If you pass around structs by reference then they can be of any size. You are still dealing with a 8 (x64 assumed) byte pointer. For highest performance you need a CPU cache friendly design which is is called Data Driven Design.

Games often use a special Data Driven Design called Entity Component System. See the book Pro .NET Memory Management by Konrad Kokosa Chapter 14.

The basic idea is that you can update your game entities which are e.g. Movable, Car, Plane, ... share common properties like a position which is for all entities stored in a contigous array. If you need to increment the position of 1K entities you just need to lookup the array index of the position array of all entities and update them there. This provides the best possible data locality. If all would be stored in classes the CPU prefetcher would be lost by the many this pointers for each class instance.

See this Intel post about some reference architecture: https://software.intel.com/en-us/articles/get-started-with-the-unity-entity-component-system-ecs-c-sharp-job-system-and-burst-compiler

There are plenty of Entity Component Systems out there but so far I have seen none using ref structs as their main working data structure. The reason is that all popular ones are existing much longer than C# 7.2 where ref structs were introduced.

Alois Kraus
  • 13,229
  • 1
  • 38
  • 64
  • 2
    Implementing an ECS as the core architecture is precisely the reason why I asked the question in the first place. Anyway, if the data is not stored as an array of structs but as an array of classes, then it's likely that the data will be spread across the heap and not contiguous in any way because an array of classes is effectively an array of pointers to the heap – loodakrawa Mar 16 '20 at 17:18
  • @loodakrawa: Did you complete your ECS system with C# 7.2 features? Is it open source? Would be interesting how yours compares to other like Entitas. – Alois Kraus Mar 16 '20 at 22:26
  • I implemented it ~3 years ago so I didn't use the 7.2 features. I stopped trying to make games since but I'm getting into it again now so I'll probably upgrade it with the new goodies. Anyway, you can check it out here: https://github.com/loodakrawa/ScatteredLogic – loodakrawa Mar 17 '20 at 12:23
  • Here, open-source ECS framework with ref structs: [LeoECS](https://github.com/Leopotam/ecs). Fast and not only for games. Enjoy that speed =) – picolino Aug 20 '20 at 17:56
3

I finally found the answer. The breaking point is System.IntPtr.Size. In Microsoft's own words from Write safe and efficient C# code:

Add the in modifier to pass an argument by reference and declare your design intent to pass arguments by reference to avoid unnecessary copying. You don't intend to modify the object used as that argument.

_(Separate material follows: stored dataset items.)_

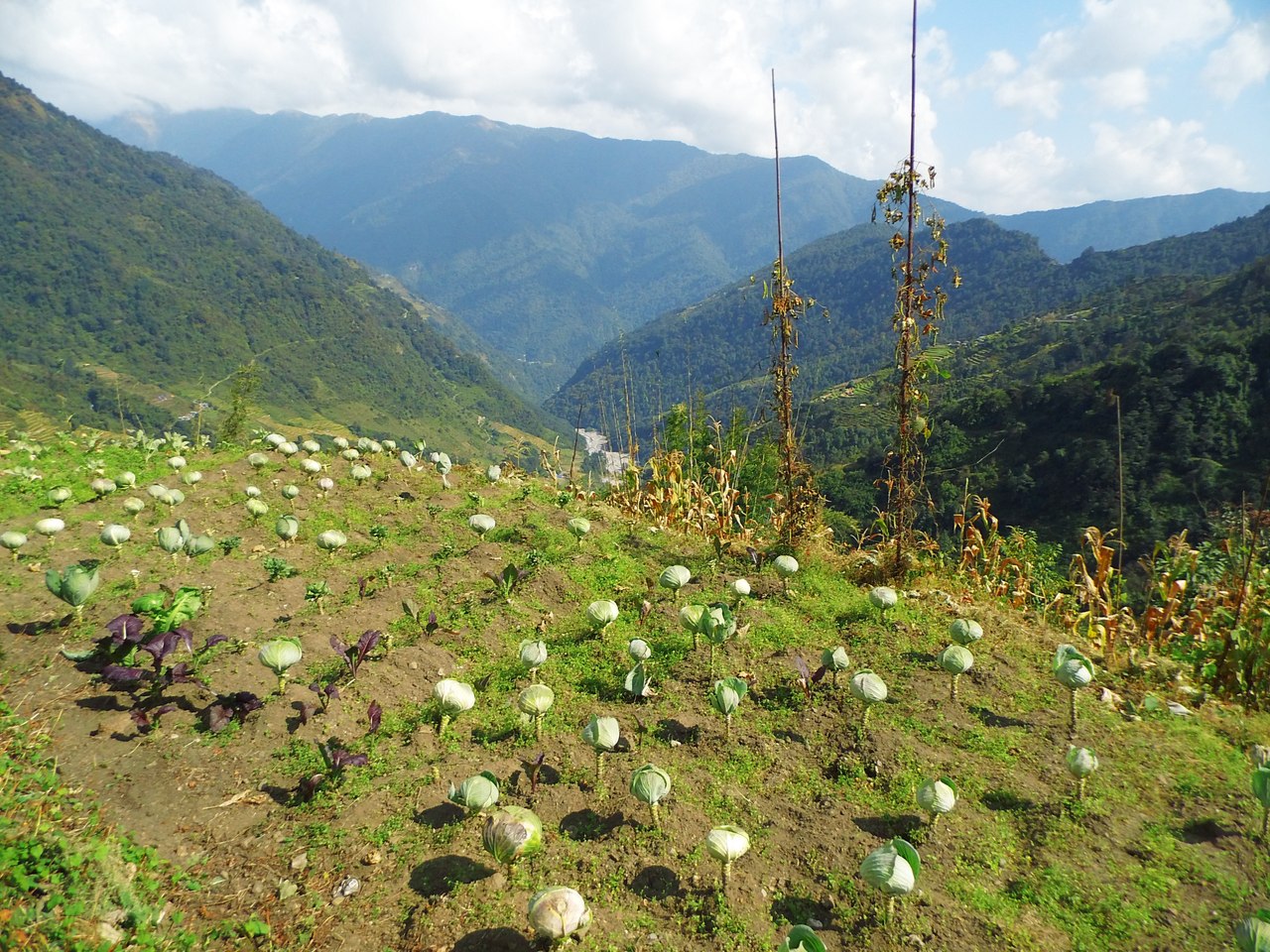 В предгорьях Гималай непальцы выращивают чай, гречиху и овёс. Но особенно было прикольно увидеть до боли знакомые ряды капусты на такой высоте.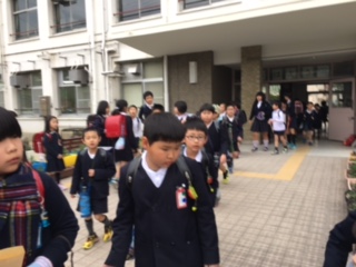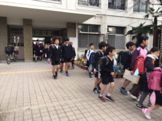 地区児童会の後、新班長を先頭に、集団下校をしました。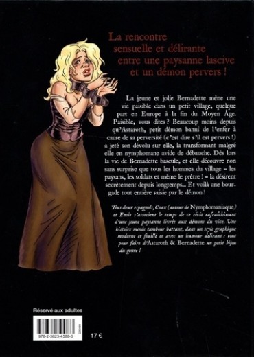 La jeune et jolie Bernadette mène une vie paisible dans un petit village, quelque part en Europe à la fin du Moyen Age. Paisible, vous dites ? Beaucoup moins depuis qu'Astaroth, petit démon banni de l'enfer à cause de sa perversité (c'est dire s'il est pervers ! ) a jeté son dévolu sur elle, la transformant malgré elle en nymphomane avide de débauche. Dès lors la vie de Bernadette bascule, et elle découvre non sans surprise que tous les hommes du village - les paysans, les soldats et même le prêtre ! - la désirent secrètement depuis longtemps... Et voilà une bourgade tout entière saisie par le démon ! Réservé aux adultes 17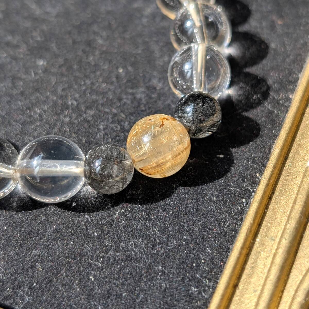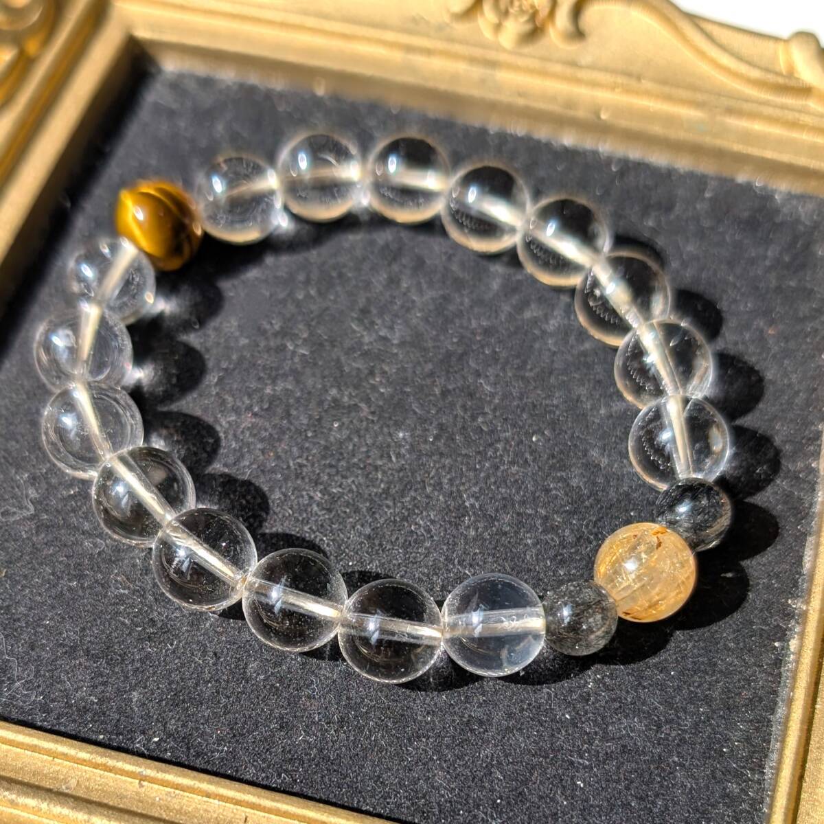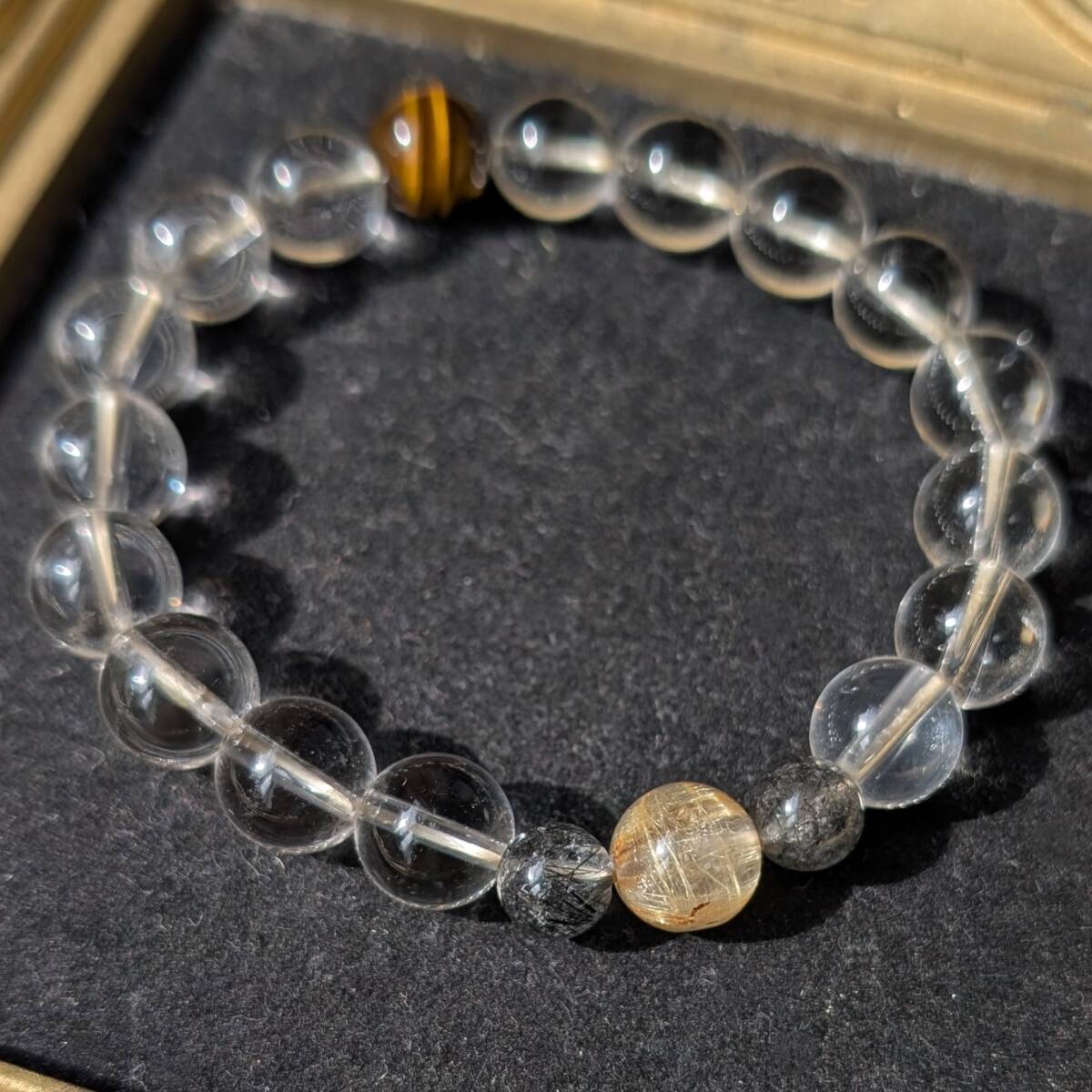四種パワーストーン 数珠 タイチンルチルクォーツ タイガーアイ 水晶 トルマリンインクォーツ ブレスレット 金運 仕事運 効果抜群 お守り

This practice often improves performance for readonly value types that are larger than IntPtr.Size. For simple types (sbyte, byte, short, ushort, int, uint, long, ulong, char, float, double, decimal and bool, and enum types), any potential performance gains are minimal. In fact, performance may degrade by using pass-by-reference for types smaller than IntPtr.Size.

loodakrawa
  • 1,468
  • 14
  • 28